=== GIVEN INFORMATION ===

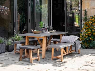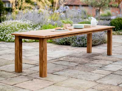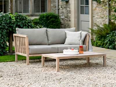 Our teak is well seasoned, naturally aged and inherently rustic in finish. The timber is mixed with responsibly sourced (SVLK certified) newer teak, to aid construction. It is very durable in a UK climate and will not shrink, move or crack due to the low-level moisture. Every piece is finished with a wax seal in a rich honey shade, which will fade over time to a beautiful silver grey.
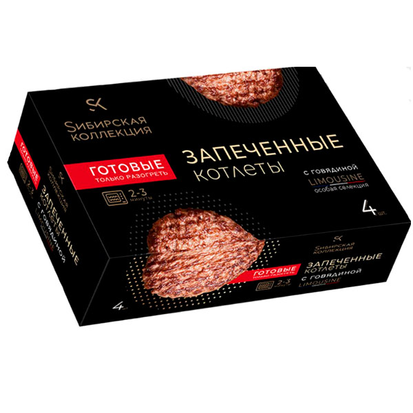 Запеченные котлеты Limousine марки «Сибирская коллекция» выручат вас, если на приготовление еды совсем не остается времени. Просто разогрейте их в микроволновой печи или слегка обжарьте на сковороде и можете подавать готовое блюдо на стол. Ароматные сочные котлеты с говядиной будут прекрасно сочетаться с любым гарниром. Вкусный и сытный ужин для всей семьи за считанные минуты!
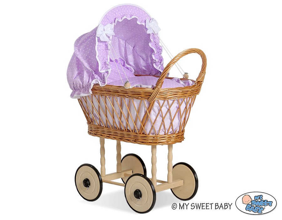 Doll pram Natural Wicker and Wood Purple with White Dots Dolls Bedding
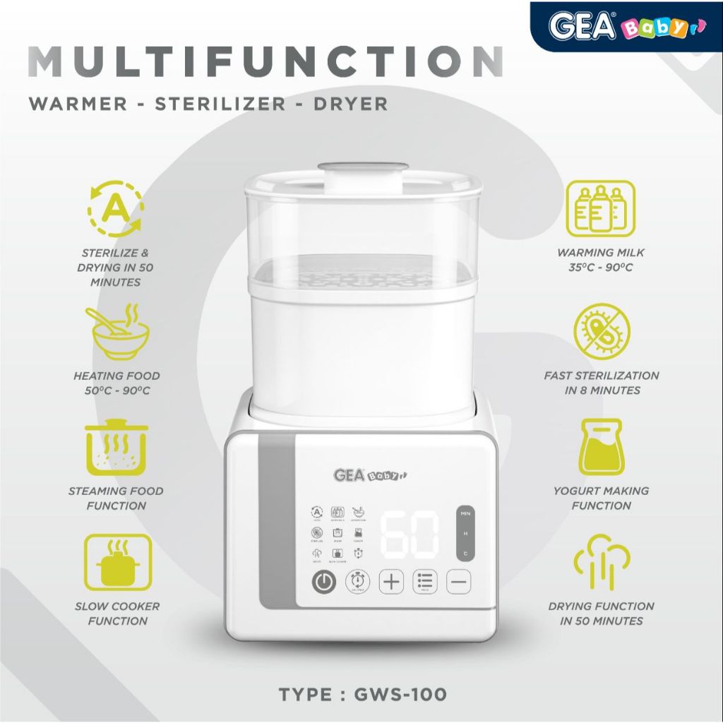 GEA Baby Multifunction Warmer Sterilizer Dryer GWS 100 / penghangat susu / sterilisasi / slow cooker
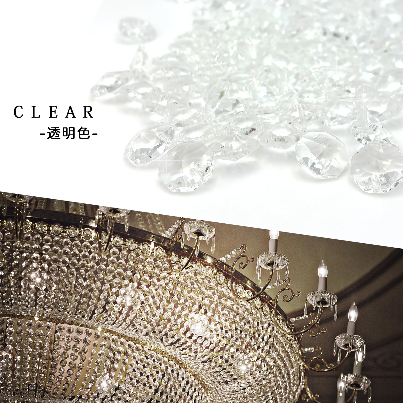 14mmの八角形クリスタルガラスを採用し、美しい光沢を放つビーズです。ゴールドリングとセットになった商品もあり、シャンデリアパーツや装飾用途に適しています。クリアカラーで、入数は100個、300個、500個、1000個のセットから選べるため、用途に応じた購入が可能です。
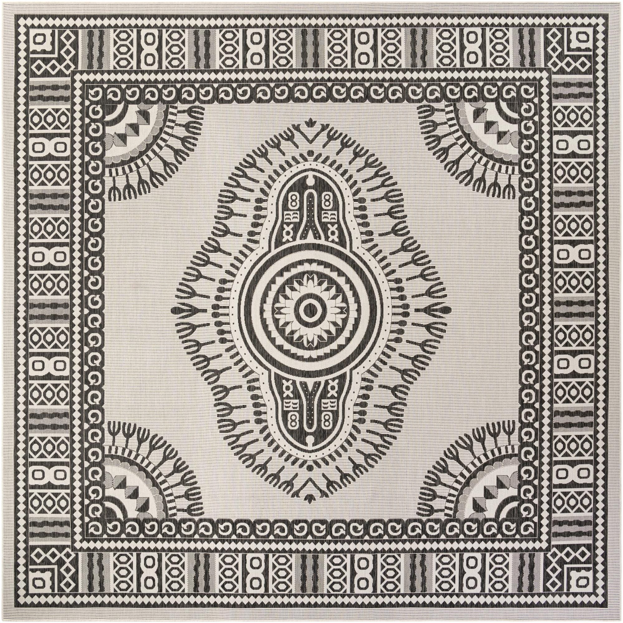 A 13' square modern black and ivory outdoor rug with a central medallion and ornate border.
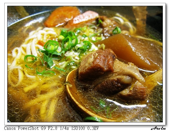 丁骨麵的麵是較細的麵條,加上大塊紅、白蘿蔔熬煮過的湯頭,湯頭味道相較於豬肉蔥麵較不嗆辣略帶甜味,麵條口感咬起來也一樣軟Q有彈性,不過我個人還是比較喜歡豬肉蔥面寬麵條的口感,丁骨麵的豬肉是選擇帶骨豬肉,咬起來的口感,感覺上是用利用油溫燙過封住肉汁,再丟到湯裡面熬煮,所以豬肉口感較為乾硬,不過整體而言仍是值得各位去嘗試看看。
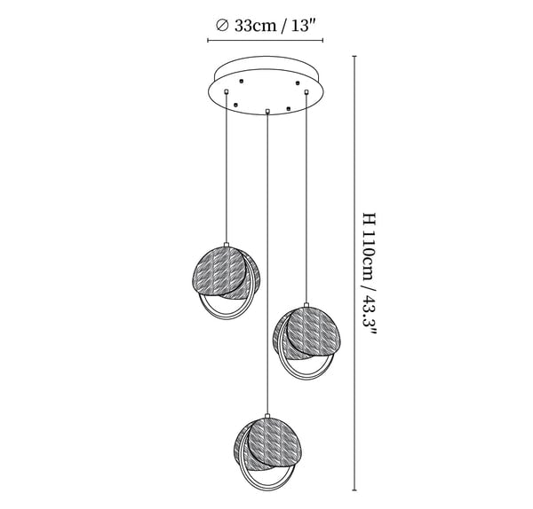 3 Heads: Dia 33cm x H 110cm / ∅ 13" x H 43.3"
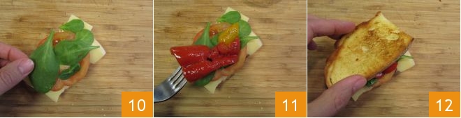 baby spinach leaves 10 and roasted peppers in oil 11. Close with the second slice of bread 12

===
=== GIVEN INFORMATION ===

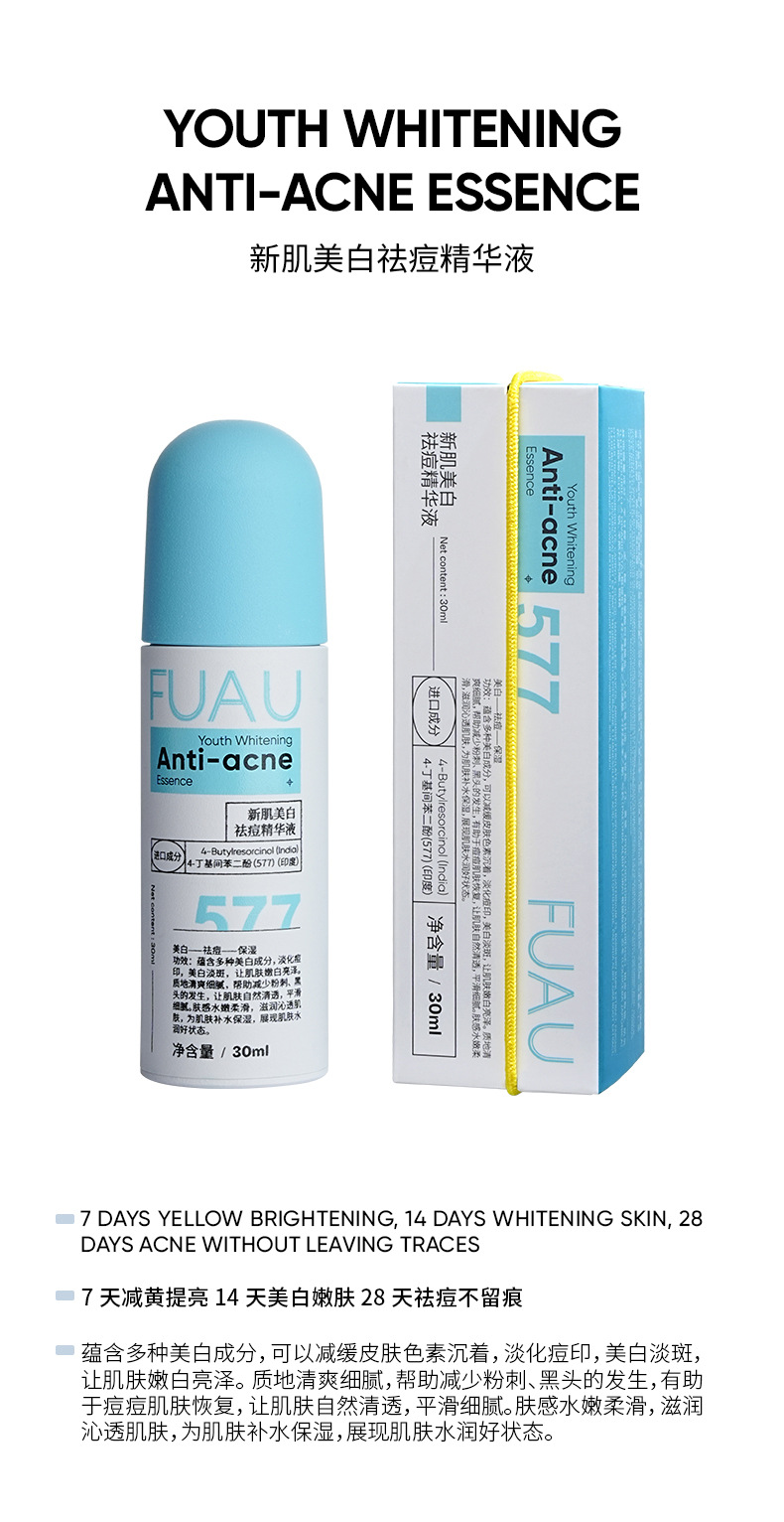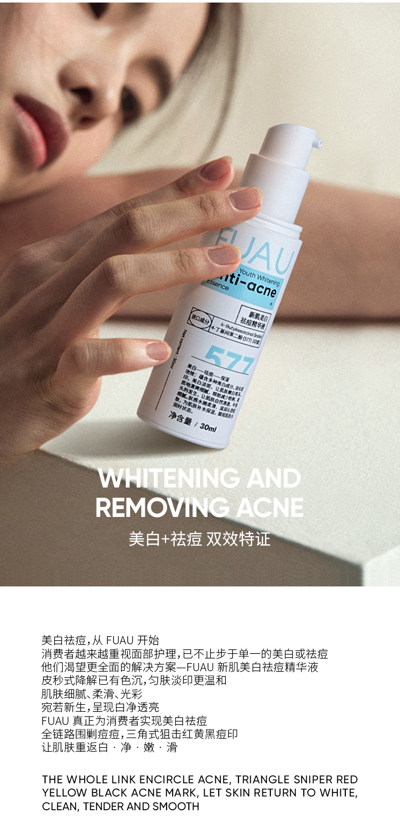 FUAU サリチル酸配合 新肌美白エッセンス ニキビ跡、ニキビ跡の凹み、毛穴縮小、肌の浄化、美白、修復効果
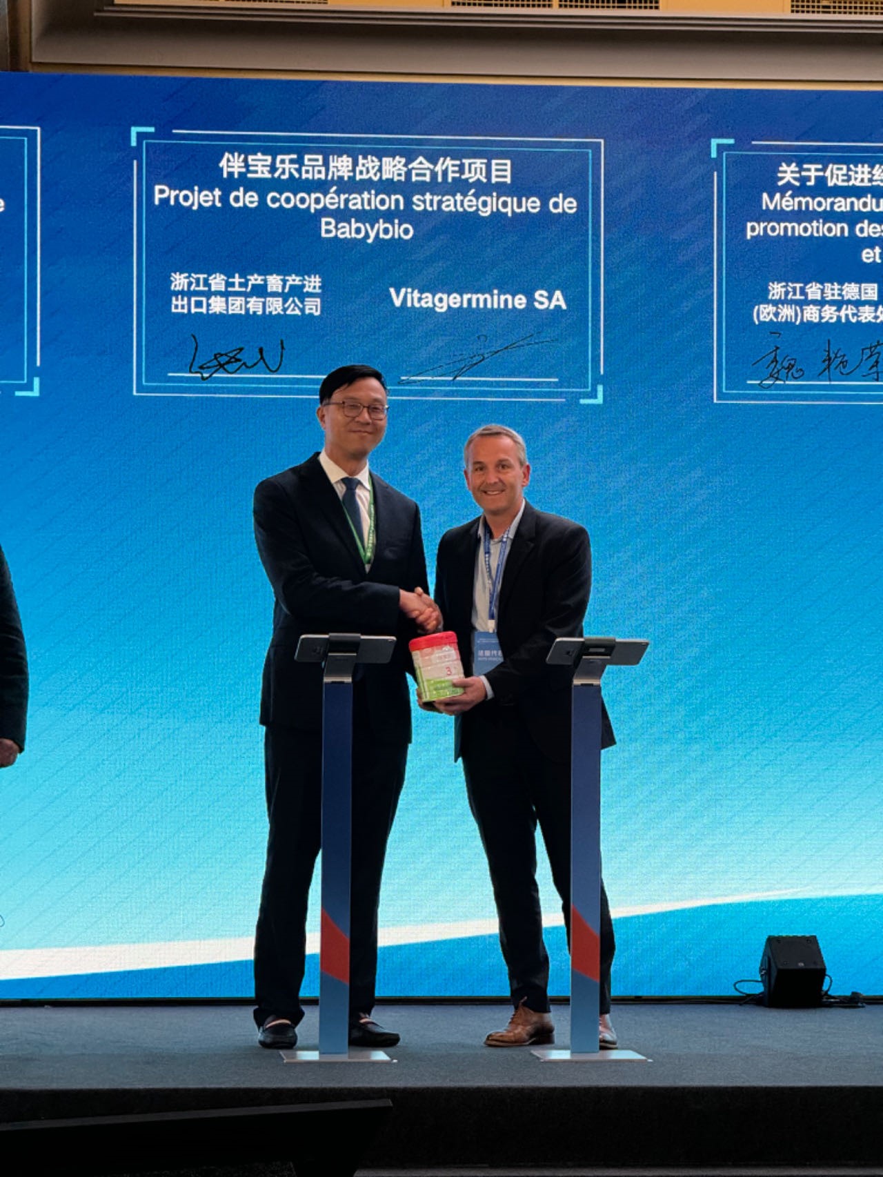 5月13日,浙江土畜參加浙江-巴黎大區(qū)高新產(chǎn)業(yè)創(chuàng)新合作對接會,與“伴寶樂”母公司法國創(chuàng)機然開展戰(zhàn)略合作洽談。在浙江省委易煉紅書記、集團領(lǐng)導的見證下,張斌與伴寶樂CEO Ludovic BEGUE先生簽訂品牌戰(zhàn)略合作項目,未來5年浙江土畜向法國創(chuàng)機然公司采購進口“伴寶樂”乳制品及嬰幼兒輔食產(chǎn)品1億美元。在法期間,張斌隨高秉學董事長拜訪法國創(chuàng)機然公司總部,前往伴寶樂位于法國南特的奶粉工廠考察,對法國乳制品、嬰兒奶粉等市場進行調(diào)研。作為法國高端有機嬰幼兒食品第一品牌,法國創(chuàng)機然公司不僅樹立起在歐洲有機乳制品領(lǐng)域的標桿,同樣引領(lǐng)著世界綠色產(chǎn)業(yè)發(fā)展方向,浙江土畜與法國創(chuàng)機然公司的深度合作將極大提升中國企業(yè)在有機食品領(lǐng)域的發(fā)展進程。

===
=== GIVEN INFORMATION ===

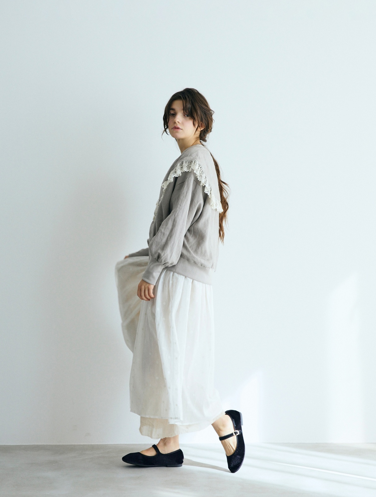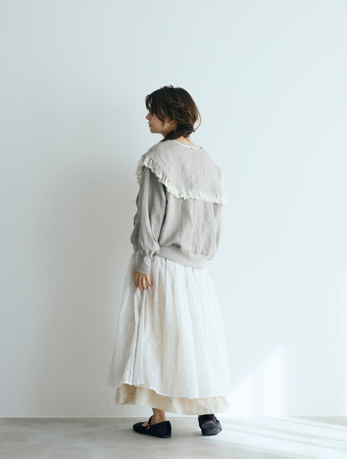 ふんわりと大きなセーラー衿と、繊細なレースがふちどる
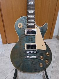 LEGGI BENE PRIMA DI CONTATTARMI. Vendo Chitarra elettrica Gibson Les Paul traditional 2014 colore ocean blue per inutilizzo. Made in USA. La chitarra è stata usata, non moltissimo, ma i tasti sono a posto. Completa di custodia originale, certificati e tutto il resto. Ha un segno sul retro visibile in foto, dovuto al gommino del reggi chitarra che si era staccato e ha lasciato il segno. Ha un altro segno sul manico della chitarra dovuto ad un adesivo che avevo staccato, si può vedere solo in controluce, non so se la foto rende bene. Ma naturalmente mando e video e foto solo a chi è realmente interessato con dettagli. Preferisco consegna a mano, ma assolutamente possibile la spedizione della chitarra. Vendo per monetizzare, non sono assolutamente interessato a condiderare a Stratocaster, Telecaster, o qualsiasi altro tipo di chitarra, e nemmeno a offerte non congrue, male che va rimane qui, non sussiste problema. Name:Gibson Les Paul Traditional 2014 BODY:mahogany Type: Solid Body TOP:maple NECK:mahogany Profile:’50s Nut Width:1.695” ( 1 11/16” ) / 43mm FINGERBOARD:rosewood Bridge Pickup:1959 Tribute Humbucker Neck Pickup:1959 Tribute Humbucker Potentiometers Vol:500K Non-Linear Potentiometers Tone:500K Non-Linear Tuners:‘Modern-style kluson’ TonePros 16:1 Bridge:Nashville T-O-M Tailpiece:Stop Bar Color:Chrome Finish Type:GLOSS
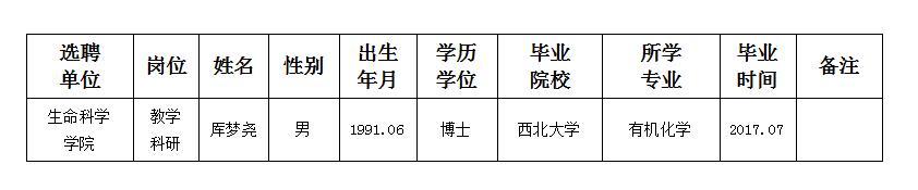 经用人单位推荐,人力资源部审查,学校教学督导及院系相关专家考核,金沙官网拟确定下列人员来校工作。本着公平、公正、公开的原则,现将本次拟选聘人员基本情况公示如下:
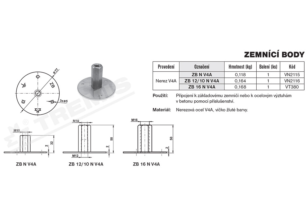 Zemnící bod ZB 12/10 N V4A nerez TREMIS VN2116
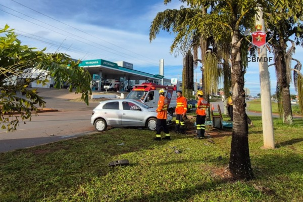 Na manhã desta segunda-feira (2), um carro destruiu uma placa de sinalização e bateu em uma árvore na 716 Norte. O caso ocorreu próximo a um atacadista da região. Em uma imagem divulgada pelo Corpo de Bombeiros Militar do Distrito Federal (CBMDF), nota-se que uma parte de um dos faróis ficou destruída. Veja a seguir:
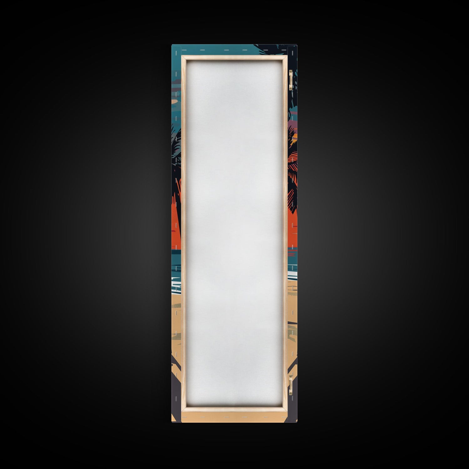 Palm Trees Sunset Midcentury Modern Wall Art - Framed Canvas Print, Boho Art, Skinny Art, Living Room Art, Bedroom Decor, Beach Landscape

===

* **WHAT NEEDS TO BE DONE**
Out of the records above, please copy exactly the lines from the line with "14mmの八角形クリスタルガ" up to and including the line with "丁骨麵的麵是較細的麵條,加上", minus the pictures.

* **SOLUTION BELOW**
 14mmの八角形クリスタルガラスを採用し、美しい光沢を放つビーズです。ゴールドリングとセットになった商品もあり、シャンデリアパーツや装飾用途に適しています。クリアカラーで、入数は100個、300個、500個、1000個のセットから選べるため、用途に応じた購入が可能です。
 A 13' square modern black and ivory outdoor rug with a central medallion and ornate border.
 丁骨麵的麵是較細的麵條,加上大塊紅、白蘿蔔熬煮過的湯頭,湯頭味道相較於豬肉蔥麵較不嗆辣略帶甜味,麵條口感咬起來也一樣軟Q有彈性,不過我個人還是比較喜歡豬肉蔥面寬麵條的口感,丁骨麵的豬肉是選擇帶骨豬肉,咬起來的口感,感覺上是用利用油溫燙過封住肉汁,再丟到湯裡面熬煮,所以豬肉口感較為乾硬,不過整體而言仍是值得各位去嘗試看看。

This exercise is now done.